THE SECRET LIFE OF ANTONIO VIVALDI As Revealed by his Teaching Assistant
A Play in Two Acts by Helen Martin
Introduction Brenda, a suburban piano teacher, has managed to purchase the last, extant copy of Vivaldi's Method Book. She, therefore, has assembled an audience, most of whom have been or still are, her students so that she may, at last, announce the expansion of her studio to include teaching strings. But her opening comments are interrupted by the uninvited presence of Sister Sylvia dal Violone - Vivaldi's Teaching Assistant - intent on repossessing the book. *********************
In 1986 I began a search for the origins of contemporary violin teaching. I wanted to try to pinpoint the reasons for the exclusion of singing, specifically, singing at sight. I found that some eighteenth and nineteenth century, published methods used this exclusion as a selling point. In general, though, I found that both the singing and the non-singing approaches could be characterized as "playing by numbers." The successful student would have to have had a strong, innate sense of pitch in addition to being very good at recalling what the teacher had played at the lesson. But one author actually stated that singing was relevant. Scholars tend to agree that the first published Violin Method was that of Geminiani's. Geminiani's Method, appearing in 1751, is the exception mentioned above. (Vivaldi died in 1751.) Why does any of this matter? It matters because singing at sight, - as opposed to rote singing - is a generative aspect of being musical. Singing at sight means that we are able to produce what we see on the page without punching keys or visually executing coordinates such as frets or strips of adhesive placed on a fingerboard. Singing at sight develops aural responses. Playing by fret, visual.

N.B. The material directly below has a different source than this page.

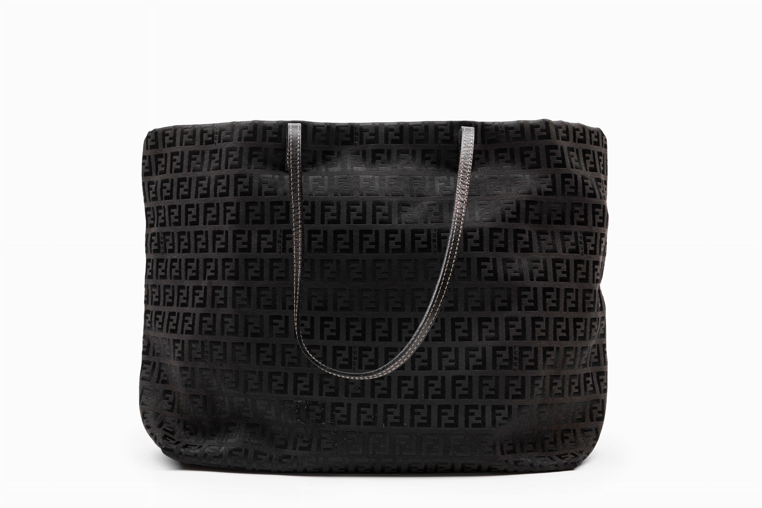 in tessuto logato color nero, manici in pelle, cm 32, con sacchetto (lievi difetti)

How then, did Vivaldi teach? Probably his goals were routine for his time. Seventeenth and eighteenth century performance demands were quite different from those of today. Scores for violin sonatas appeared in two bracketed clefs. The lower or bass line directed the keyboard player who delivered chords and their inversions as directed by Figured Bass such as the "6" in the example below. The upper of the two bracketed staves invited the violinist to invent while performing using an outline of the melody. On the spot, improvised embellishment was standard practice for singers as well as instrumentalists. Singing at sight was taken for granted. Where physical technique was concerned, the problems had been solved long before Vivaldi's time. By then the violin was centuries old and its predecessors, especially the gambas, (bowed instruments held against the leg) were even older. Why then, did Geminiani bother to write a method book? One probable reason was the emergence - among the gentry - of the amateur string player, especially in England, where Geminiani found his publisher. Questions remain, however, about Vivaldi. What if his assignment had been to the boys wing of the orphanage? Would the orchestra at the Pieta` still have attracted observers from all of Europe? Remember, boys who sang well were too often destined to remain altos or sopranos. Even the parents of Joseph Haydn were approached by the singing teachers, anxious to prove their skills by producing a famous castrato. Could this be the answer to the singing conundrum? Were parents simply looking for musical outlets for their sons, outlets that bypassed singing? And publishers looking for a ways to command this market? Whatever the answers, the voiceless approach still dominates our string teaching. Yielding to the hope of restoring the creative, generative aspects of string study, some pedagogues, including this writer, look to the neglected avenues of improvisation and composition. But these worthy tools are only part of a picture that will always be incomplete - without a song.